En un siècle, l'emploi a notamment été occupé par un ancien journaliste, un fonctionnaire et un notaire. Son titulaire actuel, André Bachand, est un ancien député conservateur proche de Jean Charest, qui flirte ouvertement avec l'idée d'un retour au parlement au sein de l'équipe de Stephen Harper.

Le chef de poste ne travaille plus seul à partir de sa chambre d'hôtel depuis longtemps. À son apogée, dans les années 1990, le BQO comptait en effet une quinzaine de conseillers.

Son équipe est aujourd'hui réduite à quatre personnes qui se consacrent entièrement aux affaires intergouvernementales. Comme le résume M. Bachand, il s'agit de suivre «tout ce qui se passe dans un rayon de 1 km de la colline parlementaire».

Le personnel du BQO garde ainsi un oeil sur la période des questions, les comités et les conférences de presse. Grâce à leurs contacts dans tous les partis et à tous les échelons de l'appareil bureaucratique fédéral, les employés du BQO demeurent aussi au fait des tractations et débats de coulisses.

La technologie leur permet de faire de plus en plus de choses à distance. Mais malgré les coûts qu'elle entraîne, la présence d'une délégation à quelques pas de la Tour de la Paix demeure essentielle. «Il faut être au coeur de l'action. Le menu législatif peut aller très vite. À distance ou sur Internet, tu ne peux pas percevoir la dynamique», insiste le chef.

Le BQO n'a pas le mandat de négocier. «Nous sommes plutôt les yeux et les oreilles du gouvernement du Québec» explique-t-il. Le personnel du Bureau fait rapport au Secrétariat aux affaires intergouvernementales (SAIQ) qui relève du ministre Benoît Pelletier.

La liste des choses à surveiller arrive de Québec, dans un cartable à anneaux que M. Bachand garde sur son bureau. Pas question que le délégué en dévoile le contenu. Qu'il suffise de savoir que la péréquation, la réforme des institutions démocratiques, la réfection des infrastructures et les mesures de soutien économique sont toujours sur l'écran radar.

À l'occasion, le bureau sert d'interprète entre le gouvernement provincial et celui d'Ottawa. Les politiciens et les bureaucrates des deux capitales ne parlent pas toujours le même langage, au sens propre comme au figuré.

André Bachand a ainsi dû décortiquer pour les fonctionnaires fédéraux les demandes du Québec concernant l'UNESCO. «Beaucoup de gens dans l'appareil ne comprenaient pas ce que le Québec voulait vraiment. En plus Ottawa et certains autres pays européens avaient peur de créer un précédent.
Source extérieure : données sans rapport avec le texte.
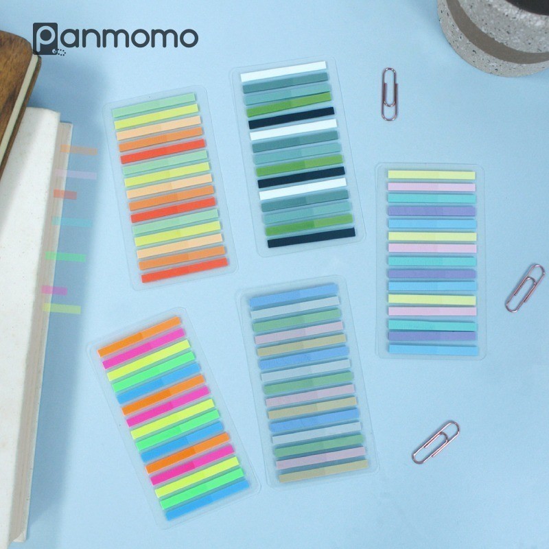 Sticky label DAN highlighter? Yup, panmomo Sticky Text Highlighter Strips ini berbentuk label berwarna agak transparan, artinya dapat kamu gunakan untuk meng-highlight kalimat pada catatan atau buku yang sedang kamu baca. Berbeda dengan highlighter biasa menggunakan tinta, cara ini tidak meninggalkan bekas di kertas, jadi dapat dilepas-tempel sesuai kebutuhan.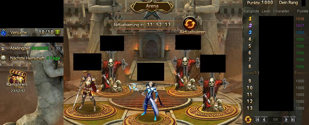 Nach einer Herrrschaft gab es doch immer einen zus?tzlichen Reset der Leute in der Arena, damit zumindest zu Anfang alle die gleichen Chancen f?r die n?chste Herrschaft haben. Nun...bei mir ist zur Zeit (gestern Herrschaft) dieses Bild zu sehen: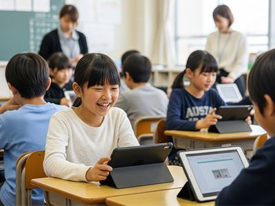自治体や教育委員会を通じて、主に公立小中学校向けにICT機器(電子黒板・プロジェクタなど)や保守サービスを提供

On les a rencontrés», raconte-t-il.

À l'inverse, il s'agit parfois de décoder ce qui se passe au parlement fédéral pour les élus et les bureaucrates de la Vieille Capitale. «On a dégonflé plusieurs rumeurs d'élections, explique Hugues Théoret, un ancien attaché de presse de Gilles Duceppe qui travaille au BQO depuis quelques années. Quand tu connais leurs joueurs un peu, tu sais qu'il y a une partie d'art oratoire.»

André Bachand reconnaît qu'il est difficile de mesurer le succès du BQO. Il soutient toutefois que les choses avancent.

«Quand je suis arrivé, la liste des priorités faisait deux pages. Aujourd'hui, c'est une et on pourrait probablement la réduire à trois quarts, fait-il valoir. Il y a des choses qui se règlent.»